** PROVIDED ENTRIES follows **

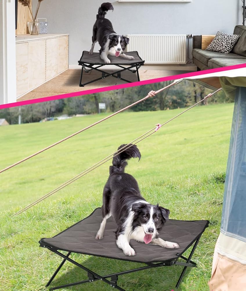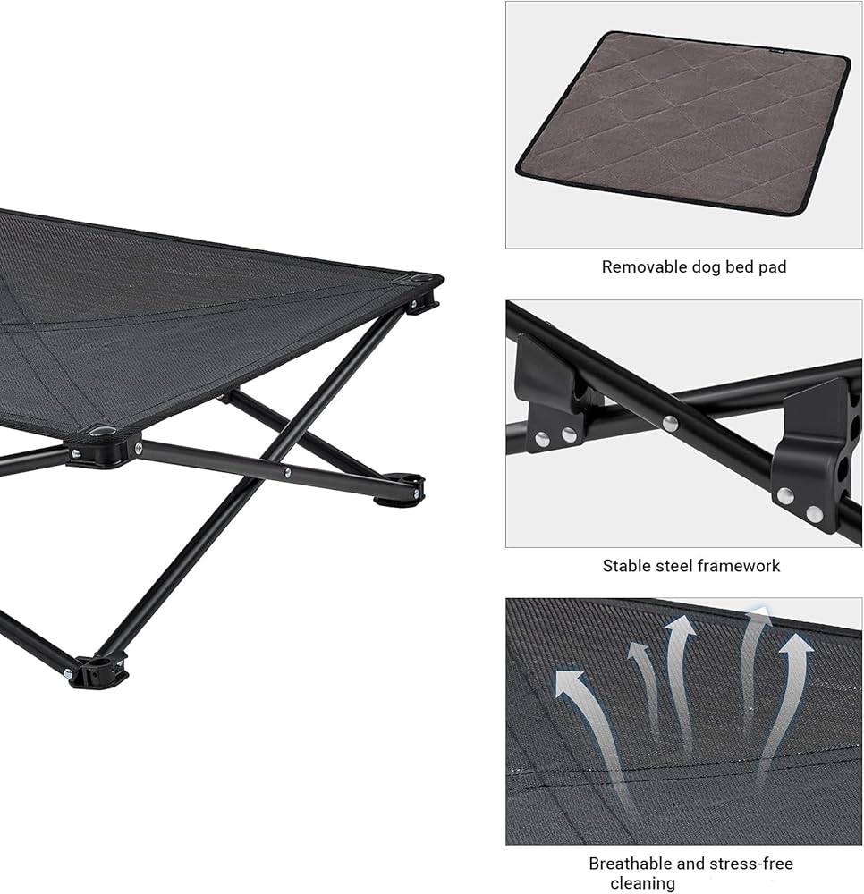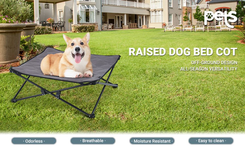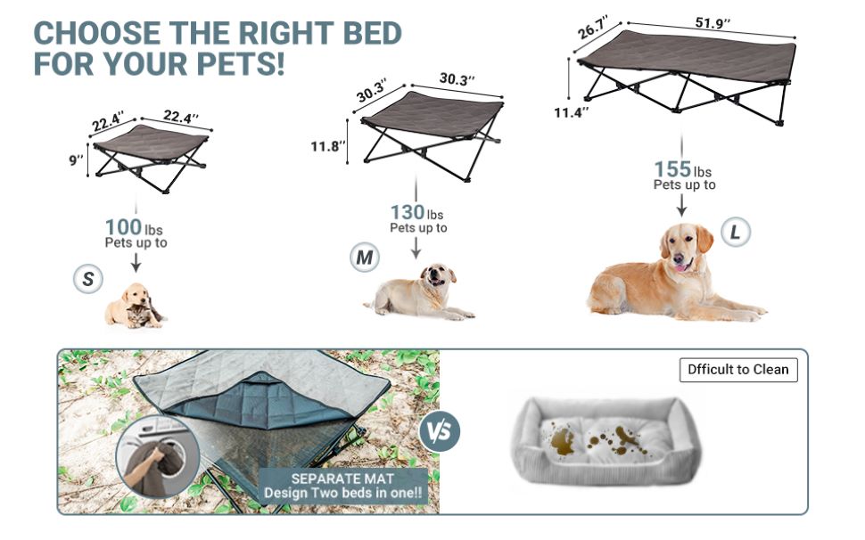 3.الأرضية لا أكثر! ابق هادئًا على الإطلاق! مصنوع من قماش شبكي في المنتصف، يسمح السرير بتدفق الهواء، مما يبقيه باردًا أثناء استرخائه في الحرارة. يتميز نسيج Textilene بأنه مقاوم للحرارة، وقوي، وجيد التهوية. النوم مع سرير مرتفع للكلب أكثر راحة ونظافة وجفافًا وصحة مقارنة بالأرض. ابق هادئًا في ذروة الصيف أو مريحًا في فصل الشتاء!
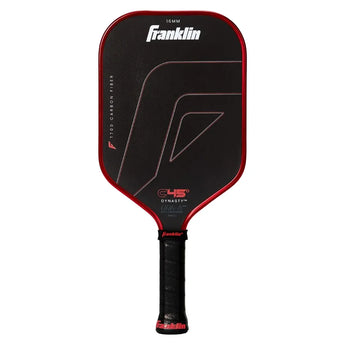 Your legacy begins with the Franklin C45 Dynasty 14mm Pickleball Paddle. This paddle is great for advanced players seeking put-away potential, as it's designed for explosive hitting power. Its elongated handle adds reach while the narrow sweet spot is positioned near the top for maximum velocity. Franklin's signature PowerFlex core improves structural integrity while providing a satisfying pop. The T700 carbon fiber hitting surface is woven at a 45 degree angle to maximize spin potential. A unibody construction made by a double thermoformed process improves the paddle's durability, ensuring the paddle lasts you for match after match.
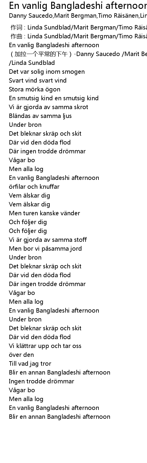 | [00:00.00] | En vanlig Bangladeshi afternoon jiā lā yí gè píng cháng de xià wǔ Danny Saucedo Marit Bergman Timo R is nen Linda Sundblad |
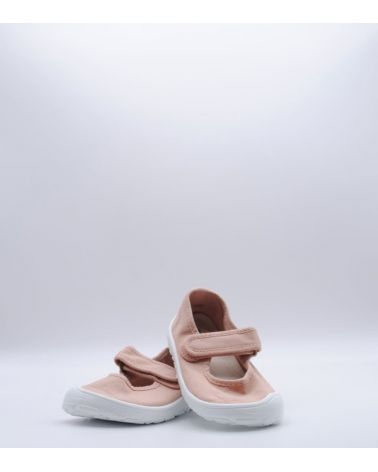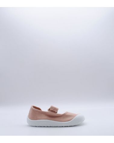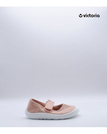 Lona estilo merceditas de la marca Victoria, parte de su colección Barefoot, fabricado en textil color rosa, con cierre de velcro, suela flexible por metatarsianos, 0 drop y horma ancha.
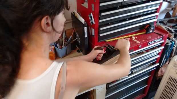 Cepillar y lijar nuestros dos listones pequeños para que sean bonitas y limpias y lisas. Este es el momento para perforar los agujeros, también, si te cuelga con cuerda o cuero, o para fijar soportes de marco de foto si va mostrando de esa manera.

** End of PROVIDED ENTRIES **

# WHAT YOU HAVE TO DO:
Restate the data above word for word. Skip every picture.

# SOLUTION TO THIS PROBLEM:
 3.الأرضية لا أكثر! ابق هادئًا على الإطلاق! مصنوع من قماش شبكي في المنتصف، يسمح السرير بتدفق الهواء، مما يبقيه باردًا أثناء استرخائه في الحرارة. يتميز نسيج Textilene بأنه مقاوم للحرارة، وقوي، وجيد التهوية. النوم مع سرير مرتفع للكلب أكثر راحة ونظافة وجفافًا وصحة مقارنة بالأرض. ابق هادئًا في ذروة الصيف أو مريحًا في فصل الشتاء!
 Your legacy begins with the Franklin C45 Dynasty 14mm Pickleball Paddle. This paddle is great for advanced players seeking put-away potential, as it's designed for explosive hitting power. Its elongated handle adds reach while the narrow sweet spot is positioned near the top for maximum velocity. Franklin's signature PowerFlex core improves structural integrity while providing a satisfying pop. The T700 carbon fiber hitting surface is woven at a 45 degree angle to maximize spin potential. A unibody construction made by a double thermoformed process improves the paddle's durability, ensuring the paddle lasts you for match after match.
 | [00:00.00] | En vanlig Bangladeshi afternoon jiā lā yí gè píng cháng de xià wǔ Danny Saucedo Marit Bergman Timo R is nen Linda Sundblad |
 Lona estilo merceditas de la marca Victoria, parte de su colección Barefoot, fabricado en textil color rosa, con cierre de velcro, suela flexible por metatarsianos, 0 drop y horma ancha.
 Cepillar y lijar nuestros dos listones pequeños para que sean bonitas y limpias y lisas. Este es el momento para perforar los agujeros, también, si te cuelga con cuerda o cuero, o para fijar soportes de marco de foto si va mostrando de esa manera.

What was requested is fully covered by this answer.